= EXERCISE INSTRUCTIONS =
Reproduce, exactly and in full, only the lines below from the one containing "株式会社山本産業は、静岡県磐" through the one containing "Tonda PF 銀沙灰精鋼腕錶".

= RECORDS FOR THIS TASK =
----------

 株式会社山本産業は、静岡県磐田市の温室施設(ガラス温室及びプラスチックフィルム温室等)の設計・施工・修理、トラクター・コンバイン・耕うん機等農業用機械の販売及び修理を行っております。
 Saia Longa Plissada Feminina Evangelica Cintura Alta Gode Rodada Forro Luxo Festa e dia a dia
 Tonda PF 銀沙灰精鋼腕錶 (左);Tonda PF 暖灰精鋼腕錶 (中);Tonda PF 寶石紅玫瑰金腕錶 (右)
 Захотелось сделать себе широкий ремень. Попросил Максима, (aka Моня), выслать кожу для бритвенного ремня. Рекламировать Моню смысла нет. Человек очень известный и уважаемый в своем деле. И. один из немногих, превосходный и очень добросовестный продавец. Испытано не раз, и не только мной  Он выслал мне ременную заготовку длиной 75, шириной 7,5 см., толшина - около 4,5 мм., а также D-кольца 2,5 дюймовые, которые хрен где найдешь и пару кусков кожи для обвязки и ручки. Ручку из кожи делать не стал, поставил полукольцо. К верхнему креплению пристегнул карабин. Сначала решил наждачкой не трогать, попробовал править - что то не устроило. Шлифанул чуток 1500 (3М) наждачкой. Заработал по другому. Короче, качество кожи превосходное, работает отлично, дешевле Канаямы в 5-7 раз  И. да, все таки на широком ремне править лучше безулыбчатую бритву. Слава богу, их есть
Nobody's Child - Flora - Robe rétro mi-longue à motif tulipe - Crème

----------

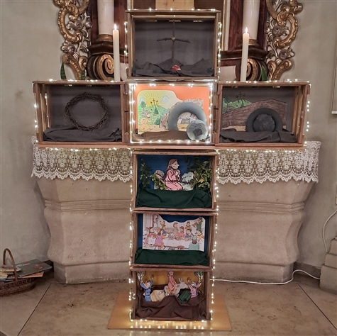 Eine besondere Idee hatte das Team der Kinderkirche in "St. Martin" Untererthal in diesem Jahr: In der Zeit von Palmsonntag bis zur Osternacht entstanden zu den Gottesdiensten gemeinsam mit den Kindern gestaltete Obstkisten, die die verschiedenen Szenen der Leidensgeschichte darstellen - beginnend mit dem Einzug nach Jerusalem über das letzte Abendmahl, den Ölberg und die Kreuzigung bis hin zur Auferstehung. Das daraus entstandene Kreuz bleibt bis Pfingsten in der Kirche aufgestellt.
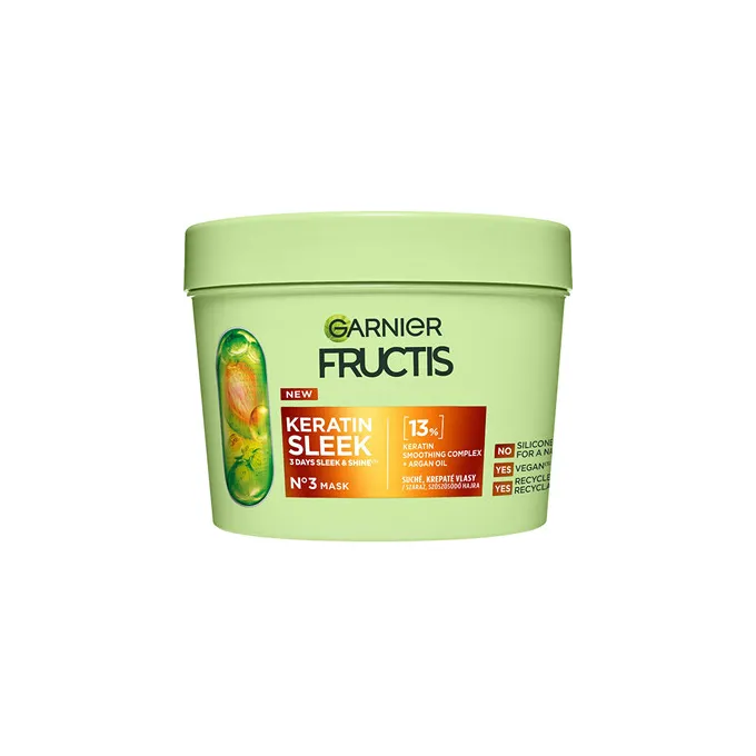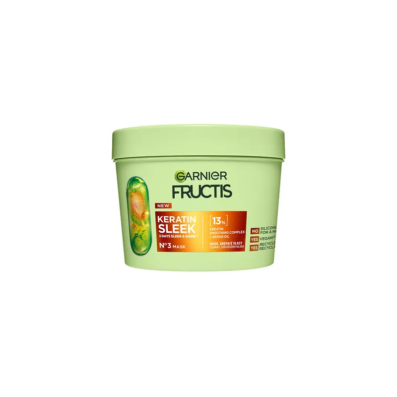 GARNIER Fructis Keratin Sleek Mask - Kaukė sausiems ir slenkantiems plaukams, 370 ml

----------

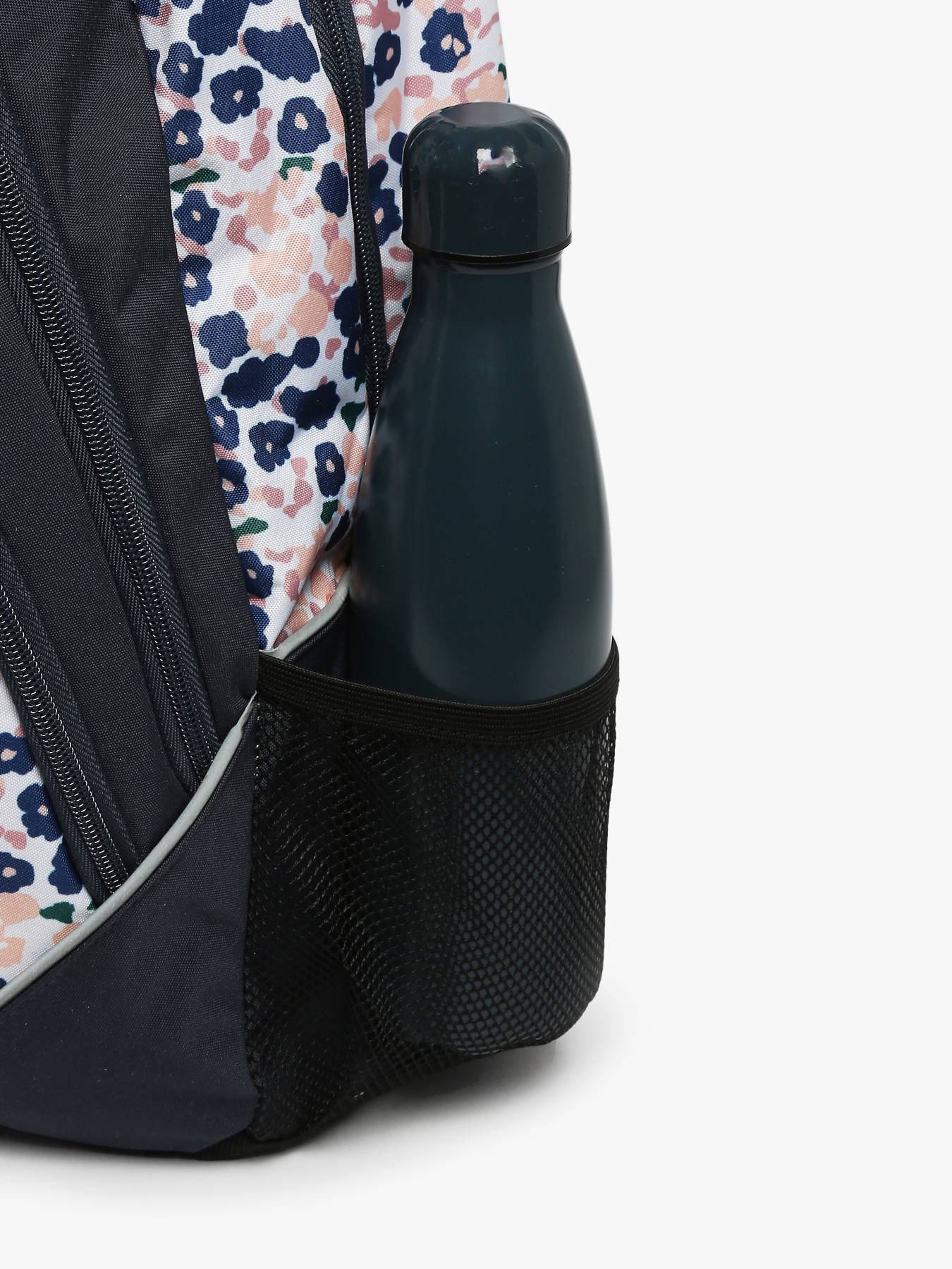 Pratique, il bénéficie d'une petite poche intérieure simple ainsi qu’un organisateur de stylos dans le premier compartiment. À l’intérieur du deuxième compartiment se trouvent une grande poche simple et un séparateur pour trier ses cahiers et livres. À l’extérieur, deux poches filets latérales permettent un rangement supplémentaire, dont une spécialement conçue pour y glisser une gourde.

----------

= ANSWER FOR THE TASK =
 株式会社山本産業は、静岡県磐田市の温室施設(ガラス温室及びプラスチックフィルム温室等)の設計・施工・修理、トラクター・コンバイン・耕うん機等農業用機械の販売及び修理を行っております。
 Saia Longa Plissada Feminina Evangelica Cintura Alta Gode Rodada Forro Luxo Festa e dia a dia
 Tonda PF 銀沙灰精鋼腕錶 (左);Tonda PF 暖灰精鋼腕錶 (中);Tonda PF 寶石紅玫瑰金腕錶 (右)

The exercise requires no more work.